STEAM

Arts education is vital to help foster creativity and innovation

I have a dream that this nation will achieve its full creative and economic potential and that Arts education will rightfully be seen as central to making this happen. It worries me that current thinking and policymaking around national innovation concentrates on increasing participation in STEM (science, technology, engineering and mathematics) subjects while the teaching of the Arts (dance, drama, music, media arts and visual arts,) is rarely even on the innovation agenda.

It is not that I begrudge the attention STEM is getting, it is just that I believe if we want to be a truly innovative and creative nation we need to put the Arts, very firmly, back in the mix. We should be talking about STEAM in schools and universities with the Arts very much in the centre of it all.

There exists a popular narrative, used to drive the STEM education agenda in Australia (and elsewhere), that says there are significantly declining enrolments in the Sciences and other STEM disciplines. However I question this narrative as justification for major initiatives. I will come back to that later.
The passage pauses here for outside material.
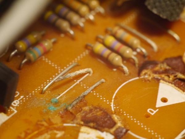 Starejše Yamahe in Sansui so znani po kislem lepilu. Kondenzatorji so bili lepljeni na PCB z neoprenskim lepilom, katero je s časom razjedlo vso kovino pod ali ob lepilu. Povezave so izgubile stik, v najslabšem primeru je odletel stik na maso in so pokale komponente. Je pametno poservisirati dokler aparatura še dela.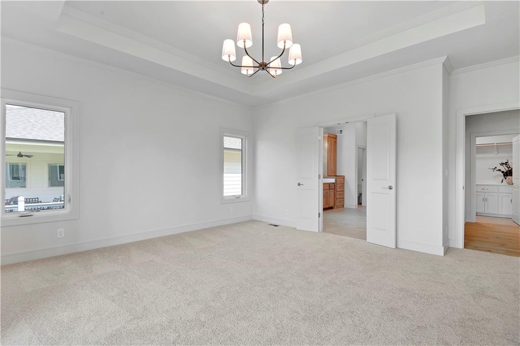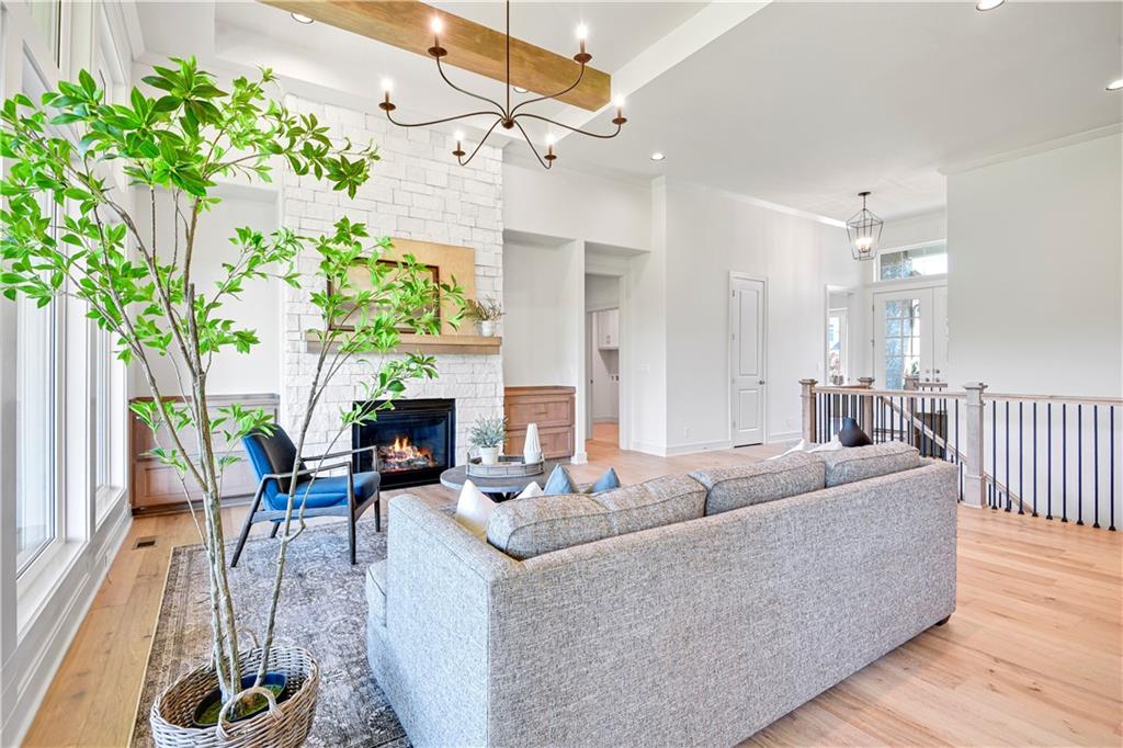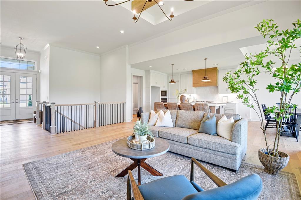 Move-In Ready! Stunning Jefferson II Reverse 1.5 Story by Bickimer Homes on a lovely walk-out lot backing to green space & tree-line! This 4 bed, 4.5 bath showstopper is packed with thoughtful upgrades and stylish finishes throughout. Enjoy a spacious open-concept layout with soaring ceilings, tall windows, gourmet kitchen featuring upgraded quartz countertops, Kohler Silgranite sink, oversized Step Shaker island, and stainless appliance package. The luxurious main-level master suite includes a spa-inspired bath with upgraded tile and fixtures. Entertain with ease on the covered deck or cozy up next to the F/C stone fireplace with custom built-ins. Finished walkout lower level rec room ft. front/back wet-bar, 2 bedrooms & 2 full baths. Additional features include hardwood floors in the study and stair landing, designer stair carpet and double front doors. This home combines elegance, comfort, and convenience! This home sits upon lot #10 in The Enclave @ Manchester Park. This wonderful community is walking distance to elementary school, has neighborhood pool, and is within very close proximity to everything else you'll need! Home is finished & staged.

First up what are we talking about, when we talk about innovation and creativity?

Innovation and creativity

Creativity and innovation involves putting things together in new ways, it involves risk-taking, experimenting and refining, valuing the role of productive failure, it involves making and doing, and is often collaborative and co-creative. While creativity is about the capacity to putting things together in new, novel and different ways, innovation is often seen as putting them to work and out into the world so that they meet a need, want or interest.

However these capacities don’t get switched on when people hit the world of work, they need to be cultivated across the education lifespan in all subjects in as many ways as possible.

Unfortunately the nurturing of creativity and innovation often seems to be at odds with the direction of many current initiatives in education. I have concerns about mandated curriculum and standards and everyone doing the same thing, the same tests, meeting the same benchmarks. I am particularly concerned about certain subjects or areas of learning being valued as more essential or more important than others.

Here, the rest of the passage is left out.